In my mind, it's sort of like adding a nice set of aftermarket wheels to a car - to the right buyer, it will make the deal.  For everyone else...they're just wheels.


----------



## EatenByLimestone (Aug 22, 2011)

I used to appraise homes for a local bank.  They used their own form and did not go strictly off of Fannie/Freddie guidelines.  Fireplaces/woodstoves/inserts were noted, but did not increase the value significantly.  IIRC, we may have given the value 1K *IF* the comparables didn't have a fireplace/woodstove or insert.

As mentioned above, it is the new buyers who will decide if it makes your home more attractive and worth a higher price.  It's the same with new windows, new roof, new furnace, etc.  All important to the buyer, but the appraiser will just note their presence.  When I sold mortgages for the same bank I remember many people upset because they would take equity out for a project, say new windows and siding and have the work done.  They would then come back for more on the next project and become mad when the appraisal comes back without an increase in the value of the house after 9K of upgrades.  These upgrades would certainly make the house more attractive to a buyer though.  

Matt


----------



## jimbom (Aug 22, 2011)

I am not in the business nor an appraiser, however, real estate valuation is of interest.  Some appraisal guidelines allow for valuation of *unique* energy efficiency created by super-insulation or solar etc.  I believe the metric is documented annual savings times 20 = value for the energy upgrades.  These are guidelines and not universally employed.  And of course, the market sets the price.

A willing buyer might consider the savings from heating with wood and a good agent might be able to sell the times 20 value point.  But I doubt wood would command a 20x premium.


----------



## joefrompa (Aug 22, 2011)

I'm in an area where wood stoves are seen occasionally, but are not common. The value-add on my home is NOT in the wood insert itself. It's in what I can claim to be my annual expenditure on energy compared to my neighbors. Here's my example:

My house is fairly well insulated and sealed (just re-sided it with foam board and tyvek under vinyl). I have oil-furnace heat, electric hot water, and electric air conditioning.

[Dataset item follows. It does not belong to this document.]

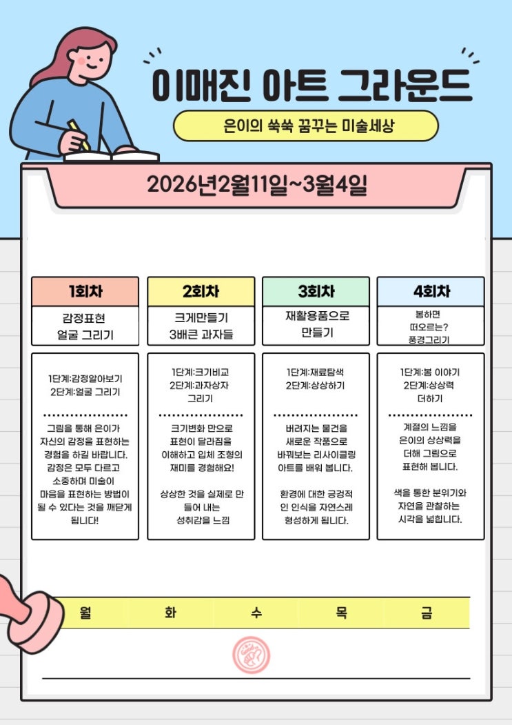 현재 이매진 아트 그라운드에는 43명의 아이들이 함께하고 있습니다. 하지만 우리는 단 한 명도 같은 방식으로 가르치지 않습니다. 왜일까요? 왜 아이마다 커리큘럼이 다를까요? 아이들은 모두 다르기 때문입니다. 어떤 아이는 말보다 손이 먼저 움직입니다. 어떤 아이는 그리기 전에 한참을 관찰합니다. 어떤 아이는 “틀릴까 봐” 시작을 어려워합니다. 겉으로 보기엔 같은 6세, 같은 초등 1학년이지만 아이들의 감정 속도, 사고 방식, 표현 방식은 모두 다릅니다. 그런데 모두에게 같은 커리큘럼을 적용한다면 어떻게 될까요? ✔ 빠른 아이는 지루해지고 ✔ 느린 아이는 위축되고 ✔ 예민한 아이는 상처받습니다. 그래서 우리는 다르게 합니다....... <img src="https://blogthumb.pstatic.net/MjAyNjAyMTFfMTQ0/MDAxNzcwNzkwOTc2MDQz.Z43aeT9NBd2EPqiVz_NXhU5MiKDsUmp6gi9mWET0ZDcg.vmahvfFHB36w-6wITuPX8DXvTaoHJWEKVHTuiqohfIsg.JPEG/IMG%A3%DF2132.JPG?type=s3" />

So only energy bills are electric and oil.

In the summer, my electric bill goes as high as $145/month. During the winter, it's about $85-110/month.

I use about 150 gallons of oil a year with my wood stove - let's just round up to $600 a year for oil. My total annual energy bill is around $2000 - rounded up for conservativeness.

This compares to my neighbors at ~$175-200/month for electric and 600 gallons a year for oil. Or about $4,620 per year.

So my house yields an annual savings of around $2,500 per year compared to many of the "comps".

Now to achieve this, you need some effort. Let's say $1,500 a year in wood collection and other efforts. I'm just making up some numbers here for illustration, but the above expenditures ARE real.

Now....this means my house saves over $1,100 a year in home ownership costs compared to a neighbors house - as a result of my wood insert and all the insulation and such.

Now here's the trick:

$1,100/year = $90/month in savings

$90/month is the equivalent to an additional $15,000 in borrowing on a 30-year mortgage.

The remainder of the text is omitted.